O sonho é um fenômeno psíquico consistindo principalmente de imagens e sons. Pode ser vívido ou confuso, habitual ou bizarro, claro ou ambíguo, e ser acompanhado por uma experiência emocional agradável e gratificante ou, pelo contrário, assustadora e aterradora. O mundo dos sonhos, de fato, não segue o habitual leis da lógica e a dimensão espaço-tempo é cancelada, permitindo que o sonhador se aproxime de sua parte expressiva mais autêntica. Por esse motivo, o sonho é um produto da natureza primorosamente subjetivo, pois todas as informações associadas a ela são fruto da memória do sonhador.

Quando e quanto sonhamos?

No século XX, o estudo da fisiologia do sono / sonho nos permitiu conhecer e estudar a arquitetura do sono, permitindo distinguir duas fases principais: sono NREM (sono de ondas lentas) e sono REM (Movimento rápido dos olhos) que juntos constituem um ciclo do sono com duração de aproximadamente 90 minutos. De fato, uma noite de sono é composta de 4-5 ciclos consecutivos.

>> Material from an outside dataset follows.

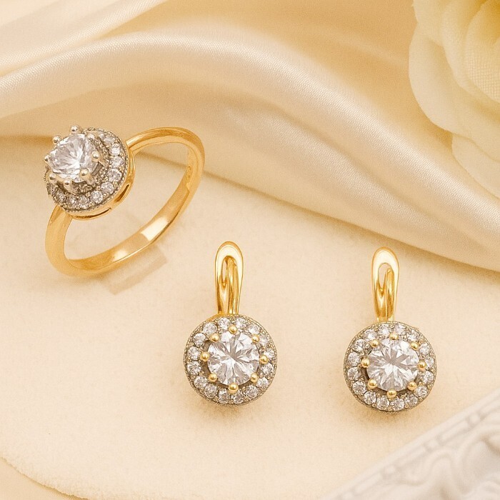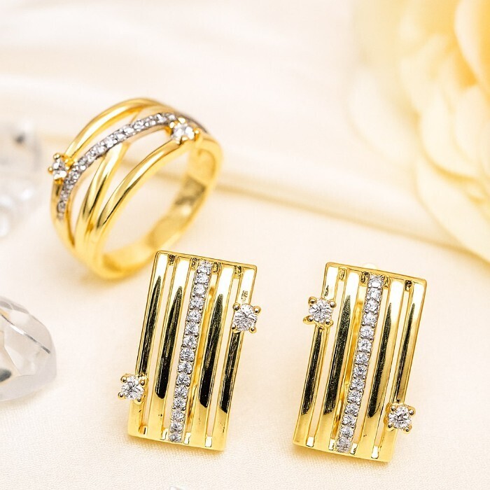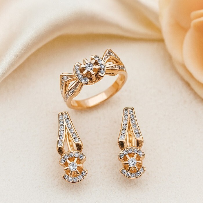 Комплект ювелирной бижутерии Итальянское золото (покрытие желтое 14к), серьги и кольцо 17 р, вставка: фианиты, цвет: прозрачный, арт.216.403-17

O sono REM, também chamado sono paradoxal, é caracterizado por uma atividade cerebral mais semelhante à vigília, e é nessa fase que a intensidade da produção dos sonhos aumenta; embora também esteja presente na fase NREM. O sonho é uma das três primeiras atividades da mente, juntamente com o sono e o raciocínio ao acordar; para que passemos aprox 6 anos da nossa vida para sonhar.

Qual é a função do sonho?

Parece surpreendente e até um pouco decepcionante, porém ainda não foi alcançado um acordo unânime sobre a função dos sonhos na comunidade científica. No entanto, as teorias sobre esse assunto são múltiplas e tentam aprofundar e conhecer o fenômeno sob diferentes aspectos. Vamos tentar listar alguns deles.

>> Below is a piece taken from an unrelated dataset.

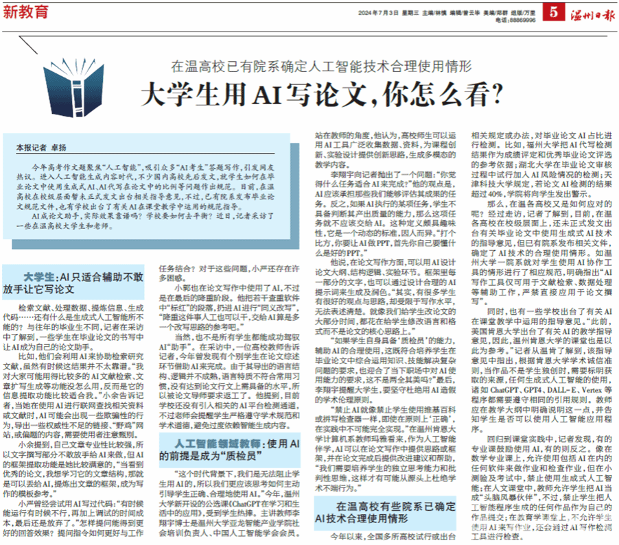 今年高考作文题聚焦“人工智能”,吸引众多“AI考生”答题写作,引发网友热议。进入人工智能生成内容时代,不少国内高校先后发文,就员工如何在毕业论文中使用生成式AI、AI代写在论文中的比例等问题作出规范。目前,在温高校在校级层面暂未正式发文出台相关指导意见,不过,已有院系发布毕业论文规范文件,也有学校出台了有关AI在课堂教学中运用的规范指导。

  • O primeiro a atribuir um rigor científico ao estudo dos sonhos foi o pai da psicanálise, Sigmund Freud. Ele se concentrou na importância da atividade onírica para a vida interior do indivíduo, definindo sonhos "... realizações disfarçadas de desejos reprimidos ".
  • Ao longo dos anos, a psicanálise revisitou gradualmente essa concepção do sonho, atribuindo-a a uma maior função integrativa da mente. Não são apenas os elementos removidos que determinam a construção onírica, mas um conjunto mais complexo de dinâmicas internas e personagens importantes na infância e na vida afetiva atual do sonhador. O sonho, portanto, adquire um papel central na economia da mente. Pode responder a necessidade reguladora (manter a auto-estima ou confirmar-se em alguns relacionamentos); ou um impulso evolutivo (mudança na vida que requer uma reorganização psicológica).
  • Dentro da psicofisiologia, o modelo de ativação de síntese de sonhos As alegações de Hobson de que algumas áreas ativas durante o sono REM, envolvidas no controle e processamento de emoções e memórias (áreas límbicas), são a base da geração dos sonhos. O cérebro, portanto, tenta dar sentido a essa atividade com a formação de sonhos.

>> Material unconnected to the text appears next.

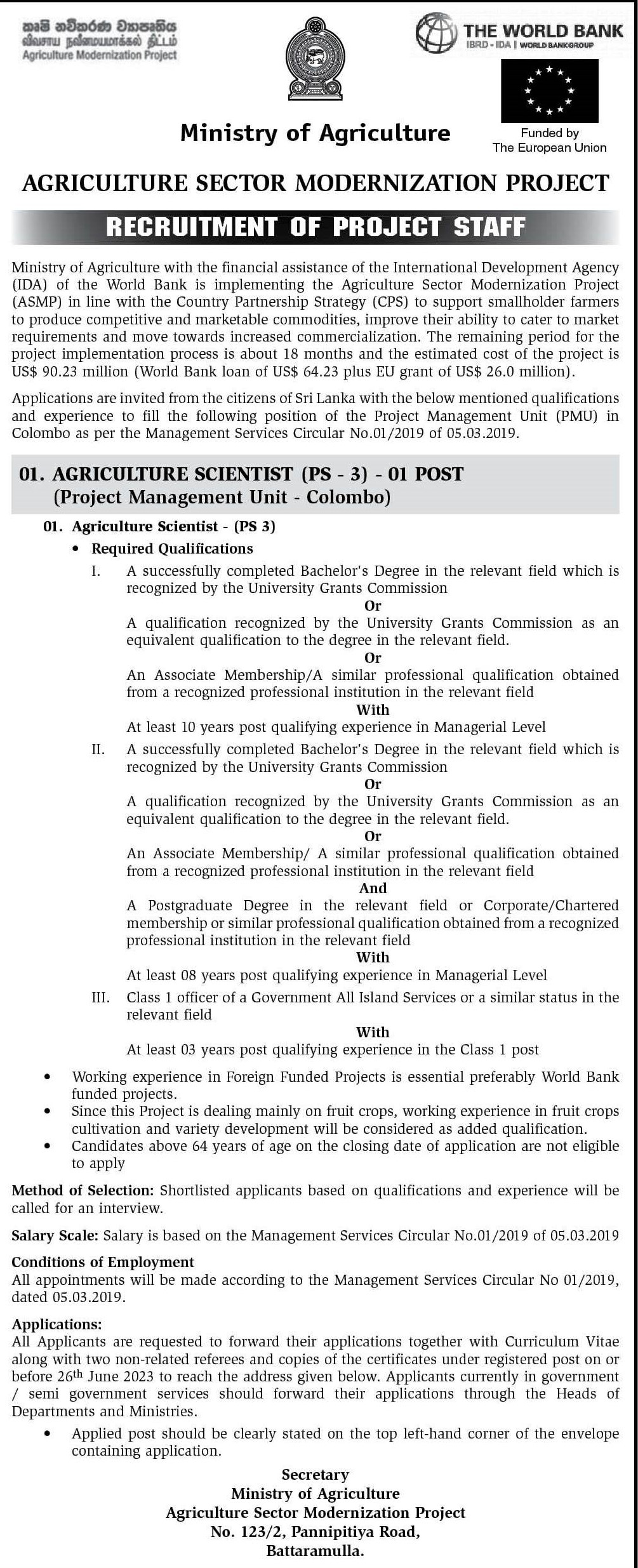 Agricultural Scientist - Ministry of Agriculture

No entanto, como ainda não existe uma teoria que explique completamente o sonho e sua natureza, o convite para sonhar permanece assim, porque é na dimensão onírica, composta de infinitos simbolismos, que podemos entrar em contato com nossa parte mais profunda.

Giulia Lauri

 

* Notas sobre o autor:
Giulia Lauri é psicóloga, doutora em psicologia e ciências cognitivas, especializada em psicoterapia psicodinamicamente orientada.
Trabalhou no Laboratório de Psicofisiologia do Sono do Departamento de Psicologia da Universidade La Sapienza de Roma, colaborando na realização de estudos do sono tanto na pesquisa básica quanto na clínica. Realizou atividades de consultoria psicológico-clínica em Roma, no Centro de Saúde Mental (CSM) da Palestrina ASL RM-G. Com Psy + Onlus, ela colaborou no projeto de intervenção para apoiar as pessoas afetadas pelo terremoto no centro da Itália e está incluída na área de serviços de psicologia escolar. Ele lida com o design, gerenciamento e implementação da programação educacional da fazenda educacional "Terra del vento". Participou, como palestrante, de conferências nacionais e é autora de artigos e publicações científicas.